__GIVEN MATERIAL__:
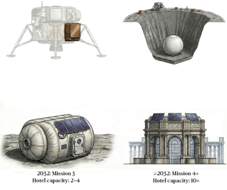 Zanim na Księżycu powstanie hotel rodem z pałacowych wizji, GRU Space musi przeprowadzić serię zaawansowanych testów. Pierwsza misja, planowana na 2029 r., przewiduje wysłanie ładunku o wadze 10 kg z nadmuchiwaną strukturą i technologią przekształcania regolitu w cegły z użyciem geopolimerów. Drugi etap zakłada próbę większego modułu umieszczonego w księżycowym zapadlisku, gdzie firma sprawdzi system pozyskiwania i przetwarzania lokalnych surowców. Pierwszy hotel dla czterech gości na wystartować około 2032 r.
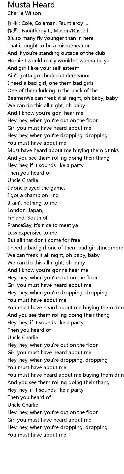 | Girl you must have heard about me | |
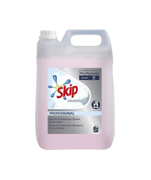 Excelente remoção de nódoas, ideal para restaurantes e hotéis! Skip e Comfort oferecem os produtos necessários à lavagem eficiente e ao bom estado de manutenção da sua roupa. Sempre olhando para as necessidades do seu negócio, proporcionamos-lhe produtos para a higiene geral ou necessidades específicas, para a remoção de nódoas difíceis ou desinfeção da sua roupa.¶¶Descrição¶Skip PF Mantelerías é especialmente formulado para proporcionar uma limpeza profunda, eliminando mesmo as nódoas mais resistentes, como gordura, café e vinho.¶Indicado para restaurantes e hotéis, Skip PF Mantelerías, com a sua fragrância característica, permite-lhe obter uma limpeza profissional e um aroma fresco e leve.¶Skip PF Mantelerias é seguro em todos os tipos de algodão e tecidos delicados, proporcionando uma excelente limpeza em tecidos brancos e coloridos.¶¶Benefícios¶Excelente remoção de nódoas de gordura, café e vinho¶Fragrância agradável e duradoura¶Seguro em tecidos brancos, coloridos e delicados¶Ótimos resultados mesmo a baixas temperaturas (30 °C)¶¶Pro Formula¶Um ambiente perfeitamente limpo está na base de qualquer experiência e relacionamento duradouro com o cliente.¶Pro Formula coloca à sua disposição uma gama completa de produtos de limpeza com fórmulas profissionais e marcas de confiança da Unilever, como Skip, Cif, Sun, Sunlight e Domestos.¶Esta gama foi desenvolvida especificamente para ir ao encontro das necessidades dos seus negócios, proporcionando-lhe os resultados excecionais de uma limpeza profissional.¶¶Instruções de utilização¶Colocar diretamente na gaveta ou no tambor da máquina de lavar¶Adicionar a roupa¶Para melhores resultados, usar 75 ml para cargas normais (4 - 5 kg), a temperaturas entre os 30 °C e o 60 °C¶Armazenar entre 5 °C e 25 °C¶¶Aspeto: Líquido, rosa claro, opaco¶Odor: Ligeiramente perfumado¶Embalagem: 5L (67 doses)
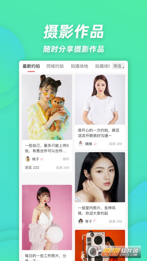 外景、淘宝、写真、旅拍四大约拍类型,找模特更方便。

__PROBLEM TO WORK ON__: Return all material verbatim, pictures omitted.

__SOLUTION FOR THIS EXERCISE__:
 Zanim na Księżycu powstanie hotel rodem z pałacowych wizji, GRU Space musi przeprowadzić serię zaawansowanych testów. Pierwsza misja, planowana na 2029 r., przewiduje wysłanie ładunku o wadze 10 kg z nadmuchiwaną strukturą i technologią przekształcania regolitu w cegły z użyciem geopolimerów. Drugi etap zakłada próbę większego modułu umieszczonego w księżycowym zapadlisku, gdzie firma sprawdzi system pozyskiwania i przetwarzania lokalnych surowców. Pierwszy hotel dla czterech gości na wystartować około 2032 r.
 | Girl you must have heard about me | |
 Excelente remoção de nódoas, ideal para restaurantes e hotéis! Skip e Comfort oferecem os produtos necessários à lavagem eficiente e ao bom estado de manutenção da sua roupa. Sempre olhando para as necessidades do seu negócio, proporcionamos-lhe produtos para a higiene geral ou necessidades específicas, para a remoção de nódoas difíceis ou desinfeção da sua roupa.¶¶Descrição¶Skip PF Mantelerías é especialmente formulado para proporcionar uma limpeza profunda, eliminando mesmo as nódoas mais resistentes, como gordura, café e vinho.¶Indicado para restaurantes e hotéis, Skip PF Mantelerías, com a sua fragrância característica, permite-lhe obter uma limpeza profissional e um aroma fresco e leve.¶Skip PF Mantelerias é seguro em todos os tipos de algodão e tecidos delicados, proporcionando uma excelente limpeza em tecidos brancos e coloridos.¶¶Benefícios¶Excelente remoção de nódoas de gordura, café e vinho¶Fragrância agradável e duradoura¶Seguro em tecidos brancos, coloridos e delicados¶Ótimos resultados mesmo a baixas temperaturas (30 °C)¶¶Pro Formula¶Um ambiente perfeitamente limpo está na base de qualquer experiência e relacionamento duradouro com o cliente.¶Pro Formula coloca à sua disposição uma gama completa de produtos de limpeza com fórmulas profissionais e marcas de confiança da Unilever, como Skip, Cif, Sun, Sunlight e Domestos.¶Esta gama foi desenvolvida especificamente para ir ao encontro das necessidades dos seus negócios, proporcionando-lhe os resultados excecionais de uma limpeza profissional.¶¶Instruções de utilização¶Colocar diretamente na gaveta ou no tambor da máquina de lavar¶Adicionar a roupa¶Para melhores resultados, usar 75 ml para cargas normais (4 - 5 kg), a temperaturas entre os 30 °C e o 60 °C¶Armazenar entre 5 °C e 25 °C¶¶Aspeto: Líquido, rosa claro, opaco¶Odor: Ligeiramente perfumado¶Embalagem: 5L (67 doses)
 外景、淘宝、写真、旅拍四大约拍类型,找模特更方便。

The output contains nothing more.